U.S. Customs and Border Protection Expressly Applies Jones Act to Offshore Wind Projects in U.S. Waters

Mike Schuler
Total Views: 6669
February 2, 2021

The U.S. Customs and Border Protection (CBP) has for the first time expressly found that the Jones Act applies to offshore wind projects on the U.S. Outer Continental Shelf, reports Holland & Knight law firm.

The ruling was contained in a January 27 letter from Lisa L. Burley, chief attorney for the Cargo Security, Carriers and Restricted Merchandise Branch of the CBP’s Office of International Trade, Regulations and Rulings, in response to an initial request from a law firm representing Great Lake Dredge and Dock to the CBP from nearly a year ago.

The ruling expressly found that the Jones Act applies to transportation of merchandise from a U.S. port to a location on the outer continental shelf for the purpose of the development and production of wind energy.
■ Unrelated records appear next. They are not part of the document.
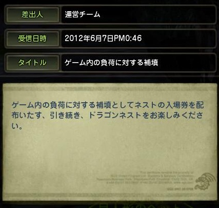 また何日も放置してしまった(゚д゚)!お久しぶりです、鎖の子です。何だかハンゲさん、どこかしらから攻撃されてるようですね(´・ω・`)満足にネストもいけないよービエエェェ。゚(。ノωヽ。)゚。ェェエエン!!!7日にお詫びとしてSDとGDの鍵とHCの鍵を送付してきたけど、これじゃあ釣り合わないよね?普通に町にいるだけで落ちるし(´・ω・`)、はやくなんとかして貰いたいものですorzそうそう、その送付してきたメールの文章が面白かったのでSSしちゃいました.+(*つ∀≦*)+.入場券を配布いたす(キリッギルメンの皆と一緒に爆笑させて貰いました゚:+((*′艸`))+:。そして!ついに!雪のれべるが40になりましたー+.゚(*´>ωω
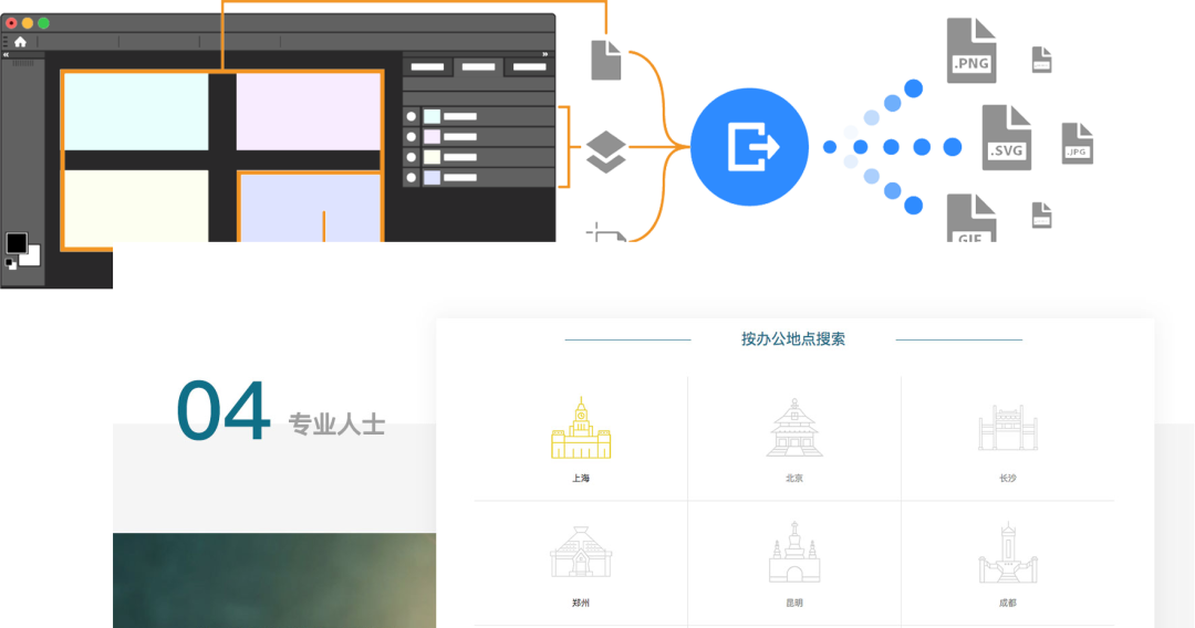 對(duì)于確定的網(wǎng)站風(fēng)格進(jìn)行導(dǎo)圖輸出,根據(jù)不同屏幕分辨率輸出不同的格式和大小,如圖標(biāo)可以考慮 PNG、JPG 加 2x 倍或 SVG 格式,圖片進(jìn)行不同尺寸輸出以適應(yīng)移動(dòng)化。最重要的是要保持素材資源的清晰程度。
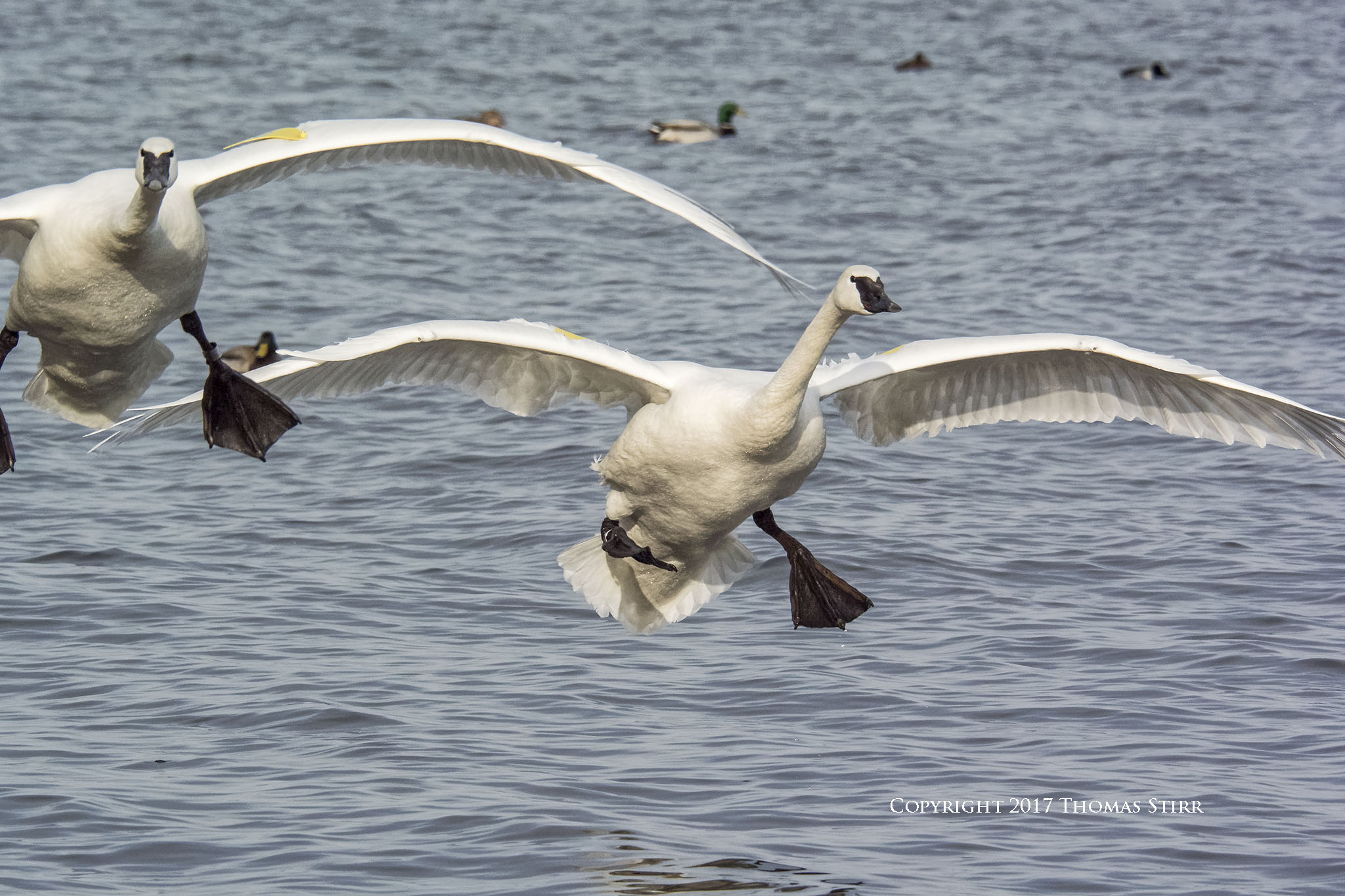 The wing from the swan on the left hand side of the photograph is creating an optical illusion of a ‘mega wing’.

The CBP’s ruling is said to be the first one to be issued following the recent amendment to the Outer Continental Shelf Lands Act (OCSLA) contained in the National Defense Authorization Act (NDAA) for fiscal year 2021, which was passed in early January. A key provision of the NDAA, Section 9503, affirms that the OCSLA, which governs offshore energy activities in federal waters, applies to offshore wind and other renewable energy, including its application of the Jones Act.

According to Holland & Knight, the CBP ruling ends a long-standing ambiguity over whether OCSLA extended the Jones Act to installations and other devices attached to outer continental shelf for the purpose of exploring for, developing or producing non-mineral energy resources, such as offshore wind.

A number of other offshore wind-related ruling requests submitted prior to the NDAA remain pending, and it is anticipated that CBP will continue processing those pending ruling requests in the coming weeks, the law firm says.

“With a major jurisdictional ambiguity addressed, CBP, developers and contractors can proceed to the necessary work of planning and seeking interpretive rulings on important, and in some cases novel, operational questions associated with offshore wind construction and operations,” Holland & Knight wrote in a blog post discussing the ruling.

“With the Biden Administration’s emphasis on promoting offshore wind and President Joe Biden’s recent reiteration of the Jones Act’s applicability to offshore renewable energy projects following the signing of the NDAA, CBP should be well positioned to work with the offshore wind industry in its efforts to plan, construct and operate the numerous U.S. offshore wind projects that are expected to be built in the upcoming years.”

Last week, President Biden confirmed his administration’s support of the Jones Act and its role in developing the nation’s offshore renewables sector in his “Buy American” executive order.

Great Lake Dredge and Dock is currently in the early phases of building a Jones Act-compliant rock installation vessel to support offshore wind development in U.S. waters. The vessel is planned for deliver in 2024 to coincide with major offshore wind construction projects on the U.S. East Coast.